I wasn't aware of the
zarr-extensionsrepo until after I submitted this PR. My initial preference would be to keep the JSON schema in the same repository otherwise it's (even more) likely to fall out of date as the spec evolves.
Putting the separate schemas in this repo instead would also be fine, or zarr-extensions could even be merged into this repo.
But it'd be good to figure out some way to share what's already be done there (CI / tooling maybe?) with what's proposed here. I'll take a closer look when I get a chance.
That repo basically has the complement of what you have here represented as a schema.
If something is missing from the list of exclusions then it will just also validate as an extension, meaning the configuration doesn't get checked.
Mmm here's what I had in mind: With a diff like this that "forgets" to add default to the list of exclusions:
❯ git diff
diff --git a/json-schema/array.json b/json-schema/array.json
index c9d2085..f69dd1c 100644
--- a/json-schema/array.json
+++ b/json-schema/array.json
@@ -559,7 +559,6 @@
"type": "string",
"not": {
"enum": [
- "default",
"v2"
]
}
We get an error, thanks to that that matching both the default and extension chunk key encodings:
❯ check-jsonschema --schemafile json-schema/array.json examples/air_temperature.zarr/air/zarr.json --verbose
Schema validation errors were encountered.
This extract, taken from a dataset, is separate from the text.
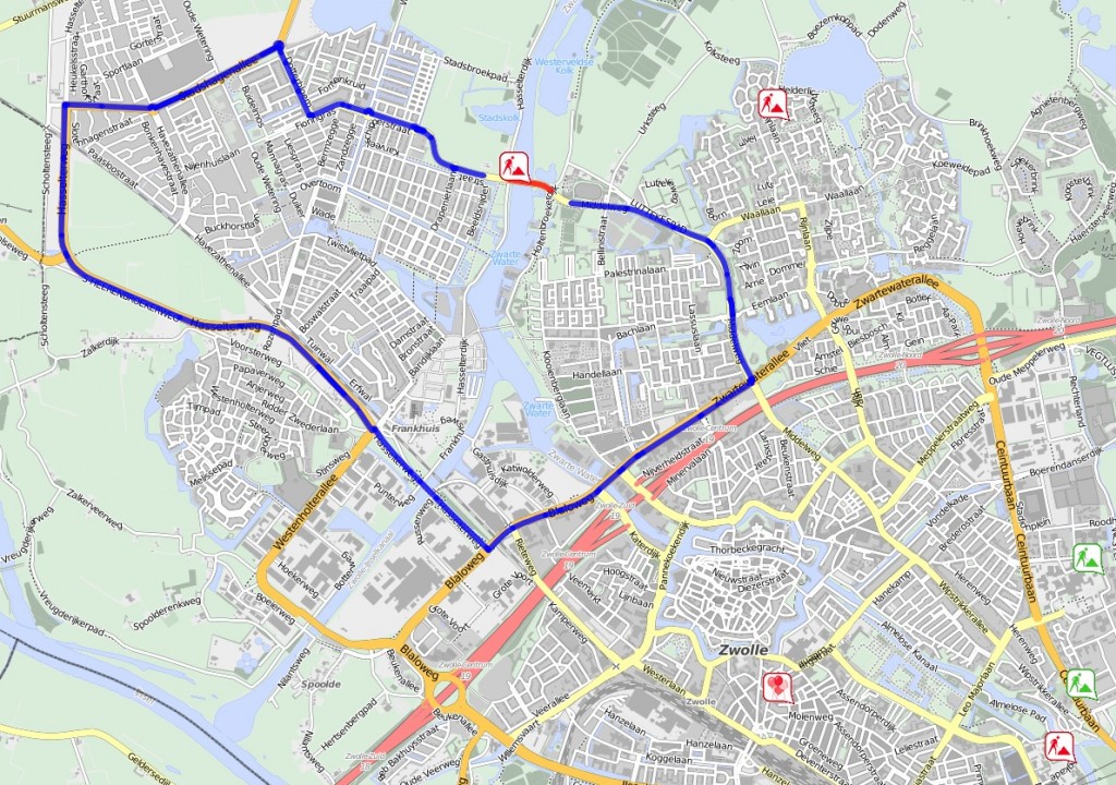 De omleidingsroute met de auto naar bijvoorbeeld de Aa-landen loopt in de kilometers. Vanuit Stadshagen moet je dan via de Hasselterweg en de Blaloweg rijden. Met de fiets is de route via de Twistvlietbrug het snelst.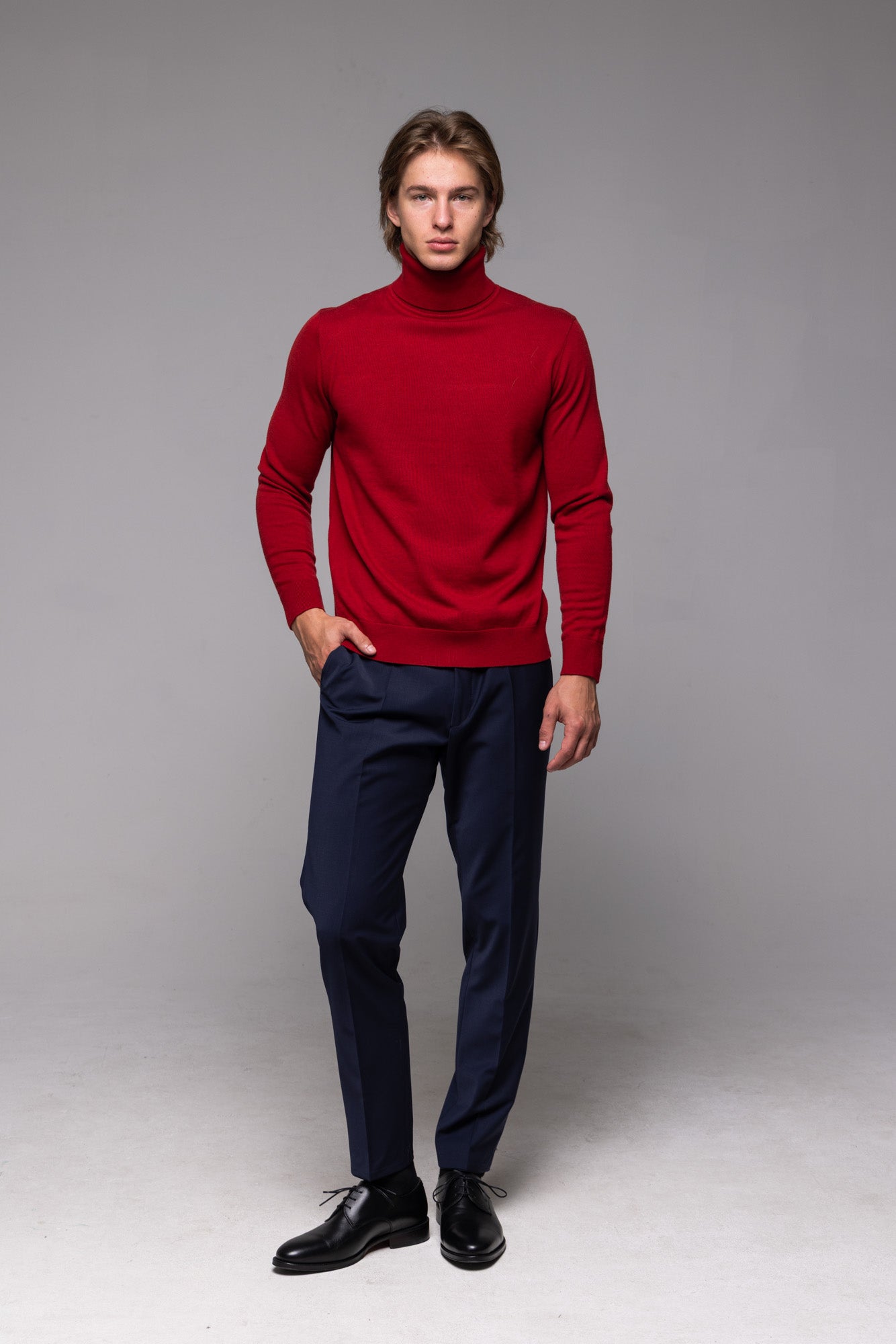 - Elegantný Slim Fit rolák z hladkého úpletu.

examples/air_temperature.zarr/air/zarr.json::$.chunk_key_encoding: {'name': 'default', 'configuration': {'separator': '/'}} is valid under each of {'$ref': '#/$defs/extension_chunk_key_encoding'}, {'$ref': '#/$defs/default_chunk_key_encoding'}
But if I forget to add v2 instead, then this passes. Maybe that's what you were saying? I guess if we have 100% coverage of the core spec then we'd be OK...
What do you think about a tool that checks that we didn't forget any keys, rather than generating the json-schema files? That sounds pretty straightforward to write and run in CI.
Additionally, if you make a typo in an identifier it will also just be considered an extension and validate successfully.
Yeah, that seems like a problem... But the core schema can't know anything about the extension schemas, I think. I'm not an expert on json-schema, but perhaps this is why STAC includes a stac_extensions array in its core spec, and STAC-specific tools know to load all of the json-schemas at those URIs and validate the document against each (xref https://github.com/zarr-developers/zarr-specs/issues/316).
Thanks, @TomAugspurger! Happy to help get the permanent, resolvable URI. (My instinct is to put all of this under a v3/ directory.)